What better way to spend a lazy summer Friday work day than pondering a job you’ll never hold – and, in truth, have likely never heard of. At least I’d never heard of it, until I saw a short bit in a recent Sunday NY Times magazine.
The article focused on one Jim Harrison who, for over 40 years, has milked up to 1,000 snakes per week, with the venom used for drug research.
Bad enough that you can get bitten – Harrison has been 10 times over the years – or end up, as Harrison did, with an amputated fingertip when that fingertip had a way too close encounter with a horned viper. It gets even worse. And that’s because, when you’re milking the fang end of the snake, that snake may well be shitting on you.
‘‘When I’m done extracting the cobras, I’m covered in feces and my wife won’t come close to me,’’ Harrison says. (Source: NY Times)
Well, this might not be the absolute bottom of the jobs I wouldn’t want. That would probably be executioner.
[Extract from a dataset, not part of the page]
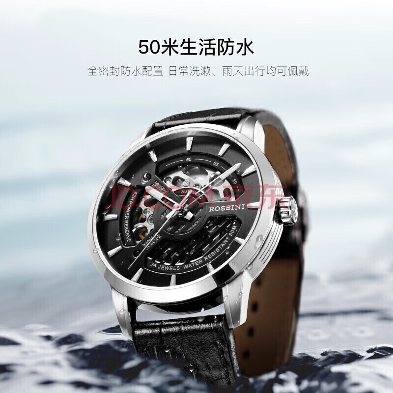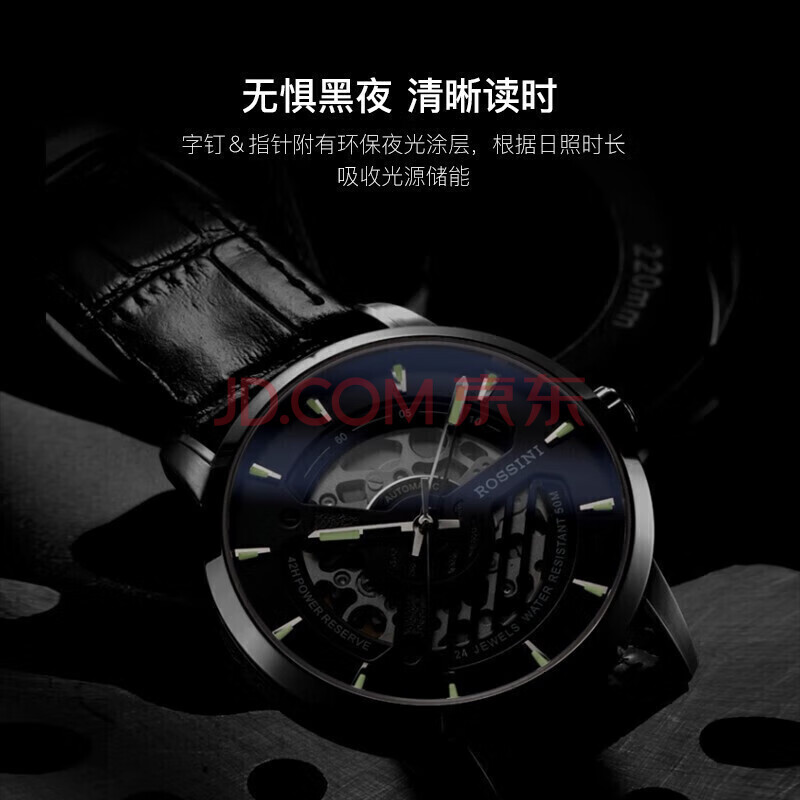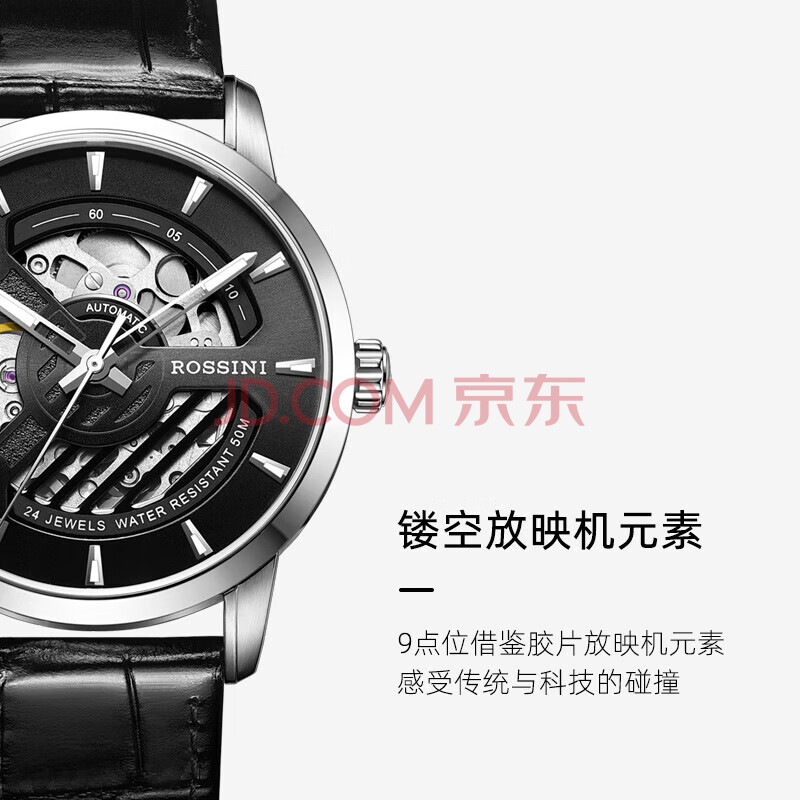 商品相册:罗西尼(ROSSINI)手表男款 生日礼物夜光镂空机械表黑盘皮带619909第
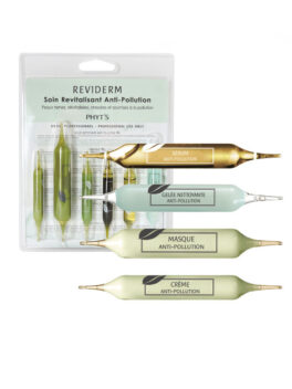 REVIDERM SOIN REVITALISANT ANTI-POLLUTION hoitokokonaisuus. Tehokas kasvohoito stimuloimaan ihon toimintoja ja kirkastamaan väsyneen, harmaan ja huonokuntoisen elottoman ihon. Tehostaa ihon pintaverenkiertoa, parantaa solujen hapenottokykyä, kirkastaa ja virkistää väsynyttä ihoa.

But it would be right down there in the bad job snakepit.
Reading about Harrison made me want to learn more about him and venom extractors. Fortunately there was an old Business Insider article that filled in a number of gaps.
In the BI article, I found that a Harrison, who owns (and runs) the Kentucky Reptile Zoo, actually does snake milking for free. He started out, career-wise, as a police officer. This gig lasted until he was run down by a stolen car, which gave him a pension that could support his reptilian interests. Being a herpetologist – the fancy name for snake milker – is a labor of love.
The potentially life-saving uses [pain, cancer, strokes, Alzheimer’s] of snake venom are the backbone of why Harrison loves what he does. Helping a cause is the best part of his job, he says, and his proudest moment to date is a project that's currently underway.
Harrison is involved with an organization called Animal Venom Research International (AVRI). They are working to develop an antivenom for Sri Lanka, which has the world's highest rate of snake bite deaths per person, with a large number of the victims being children, Harrison says. (Source: Business Insider)
Well, I’m glad there’s someone willing to do this. Just not me, snakes not being my favorite member of the animal kingdom. Oh, I’m okay with the odd garter snake, but mostly I’m just not a snake person. In the animal pantheon, I’m not sure if they rate above or below rats, but snakes are surely the stuff of nightmares. (And let’s not go Freudian on me here. Fish are one thing, but there’s just something plain creepy and off-putting about a legless, armless land creature. Evolve, why don’t you, and stop slithering, snakily sneaking around.)
Although Harrison works gratis, there are paid snake milkers. And, according to Job Monkey, they make snakeshit: $30K a year - even though “one gram of certain types of snake venom can sell for $2,000.” That sure seems fair.
Anyway, here’s how you do the job:
This entails, stretching latex over a jar and having the snake bite the jar. The venom is extracted in two ways, manually massaging the venom glands or electric stimulation that contracts the muscles around the glands. Both ways cause a yellow, deadly venom to spit out into the jar. Next the venom is freeze-dried and used by or sold to pharmaceutical companies, laboratories, and universities for research and production.
Snake milkers don’t just milk. They’re snake breeders, too. Kind of like running a dairy farm, I guess.
And even though the pay is miserable, it requires a degree in something science-y. And practice handling snakes. (You start with the non-poisonous kind.)
All sorts of jobs are being automated – one, by the way, is dairy cow milker – and if ever there were a candidate for job automation, I’d give it to snake milker. Near death experience, low pay, and you come home covered in shit. Yuck!